Théâtre

Avis de Tempête à La Folie Théâtre

06 septembre 2010 | PAR La Rédaction

Par Marie Haddad

Lorsque Marie Paule Guillet et Etienne Guichard revisitent Shakespeare, un vent de folie souffle sur la scène de La Folie Théâtre du 2 septembre au 31 octobre. Si les personnages sont nombreux, les comédiens, eux, sont au nombre de deux. Dans la dernière pièce de son œuvre, le bon vieux William n’omet aucun ingrédient: luttes de pouvoir, forces occultes, amours naissantes, burlesque. Beaucoup de bruit pour une vengeance en six temps.
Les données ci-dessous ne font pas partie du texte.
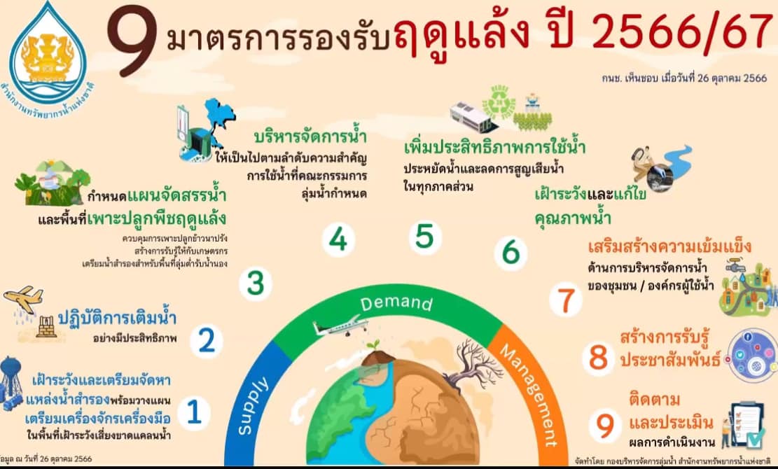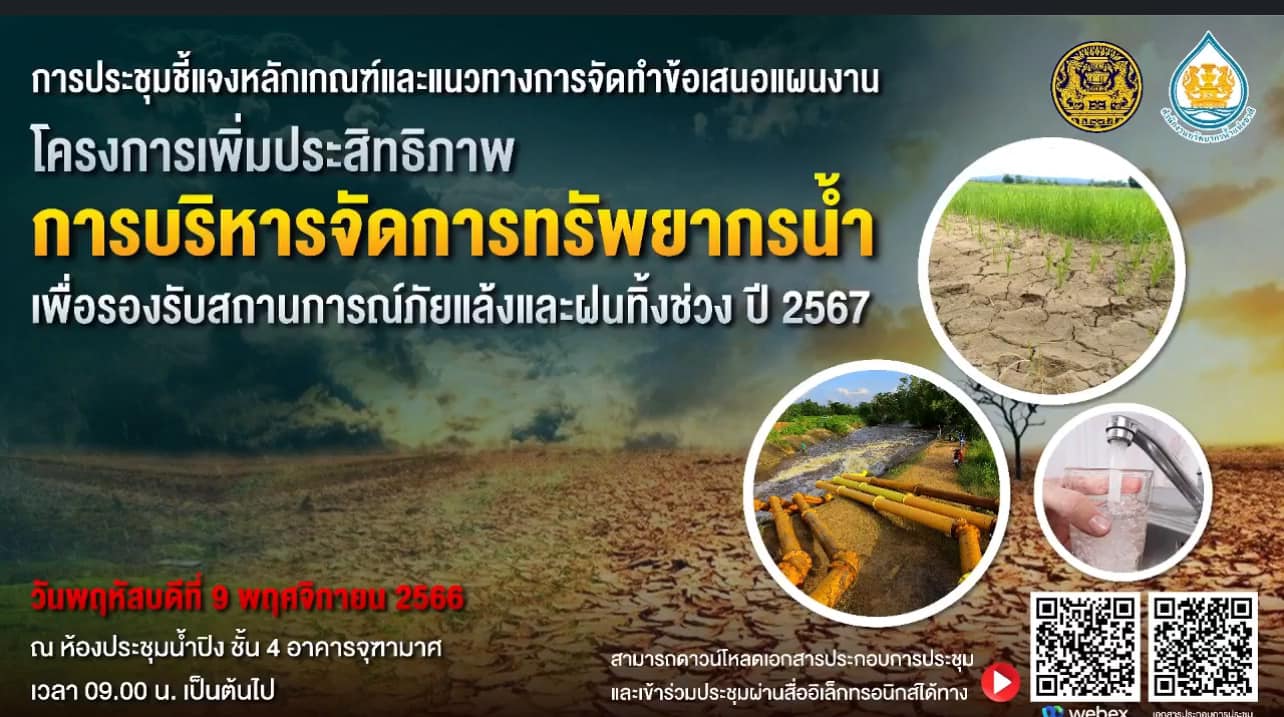 วันที่ 9 พฤศจิกายน 2566 นายเกรียงไกร ไชยโพธิ์ ผู้อำนวยการสถานีพัฒนาที่ดินบุรีรัมย์ การประชุมชี้แจงหลักเกณฑ์และแนวทางการจัดทำข้อเสนอแผนงานโครงการเพิ่มประสิทธิภาร การบริหารจัดการทรัพยากรน้ำ เพื่อรองรับสถานการณ์ภัยแล้งและฝนทิ้งช่วงปี 2567 ผ่านช่องทางการสื่อสารออนไลน์ Facebook Live โดยสำนักงานทรัพยากรน้ำแห่งชาติ ณ ห้องประชุมสถานีพัฒนาที่ดินบุรีรัมย์ โดยมี ดร.สุรสีห์ กิตติมณฑล เลขาธิการสำนักงานทรัพยากรน้ำแห่งชาติ เป็นประธานในการประชุม วัตถุประสงค์ เพื่อทราบมติคณะกรรมการทรัพยากรน้ำแห่งชาติ ครั้งที่ 2/2566 เมื่อวันที่ 26 ตุลาคม 2566 เห็นชอบมาตรการรองรับฤดูแล้ง ปี 2566/2567 และโครงการเพิ่มประสิทธิภาพการบริหารจัดการทรัพยากรน้ำเพื่อรองรับสถานการณภัยแลงและฝนทิ้งช่วง ปี 2567 พร้อมหลักเกณฑ์และแนวทางการจัดทำ ข้อเสนอแผนงานโครงการ เพิ่มประสิทธิภาพการบริหารจัดการทรัพยากรน้ำเพื่อรองรับสถานการณ์ ภัยแล้งและฝนทิ้งช่วง ปี 2567 เพื่อให้การดำเนินงานกับหน่วยงานที่เกี่ยวข้องบรรลุเป้าหมายตรงตามวัตถุประสงค์ และเกิดผลสำเร็จอย่างมีประสิทธิภาพ

Prospéro, duc de Milan, voit toute sa prospérité à l’eau lorsque qu’il se fait larguer en pleine mer, lui et sa fille en bas âge Miranda, par son traître de frère Antonio. Le père et sa fille échouent alors sur une île peuplée par quelques chimères. Ariel, esprit de l’air, aide Prospéro à mettre en place sa vengeance en échange de sa liberté. Caliban, fils d’une puissante sorcière, est asservi par Prospéro qui commande aux forces mystiques grâce à ses livres. L’occasion rêvée de punir ses ennemis se présente douze ans plus tard, lorsqu’un navire passe tout près de l’île perdue, avec à son bord les auteurs de la machination.

Dans cette adaptation, Prospéro et Ariel sont omniprésents. Pour livrer l’histoire au public, ils se retrouvent tour à tour à camper le rôle des autres personnages. Ariel exécute une tendre caricature des êtres chers de son maître. Miranda devenue grande, niaise et pleine de sensiblerie, laisse place à l’ivrogne de Gonzalo, ou à Sébastien, frère du roi de Naples. Quant à Prospéro, il endosse les rôles de ceux qui l’ont trahi et sur qui il fait s’abattre sa colère. Il vit la tempête qu’il déchaîne à travers ses victimes et passe de l’un à l’autre dans un jeu presque schizophrénique. La mise en abîme met en place un véritable théâtre dans le théâtre, avec des marionnettes tantôt comiques tantôt pathétiques.

La succession de personnages est d’autant plus forte et troublante qu’elle repose principalement sur le jeu des deux comédiens. Les costumes restent les mêmes pour garder Ariel et Prospéro présents sur scène. On joue sur l’ambivalence des accessoires comme sur les modulations de voix ou d’attitude. Une même cape portée différemment par un roi et un bouffon servira aussi de toile de fond à des projections vidéo. On admire le clin d’œil à l’écriture de Shakespeare qui fait se croiser les registres et passe de l’un à l’autre sans transition. Et si le jeu des acteurs est assez « nu » dans la mise en scène, la magie noire elle, envahit l’espace. Projections au mur ou sur cape, les acteurs sont partout à la fois pour donner corps et âme à cette Tempête.

Le spectateur est immanquablement emporté dans l’œil du cyclone, mais lutte parfois contre les éléments pour ne pas perdre le fil des personnages. On rit, et on apprécie le texte grâce à la mesure des artifices.

De la magie, du bruit, et de la fureur. Rideau.

Adapté, mis en scène et joué par Marie Paule Guillet et Etienne Guichard. Du 2 septembre au 31 octobre 2010 à La Folie Théâtre – 6, rue de la Folie Méricourt – 75011 Paris, métro Saint-Ambroise (ligne 9). Du jeudi au samedi à 19h et les dimanches à 15h. TARIFS: plein 20€, réduit 15€.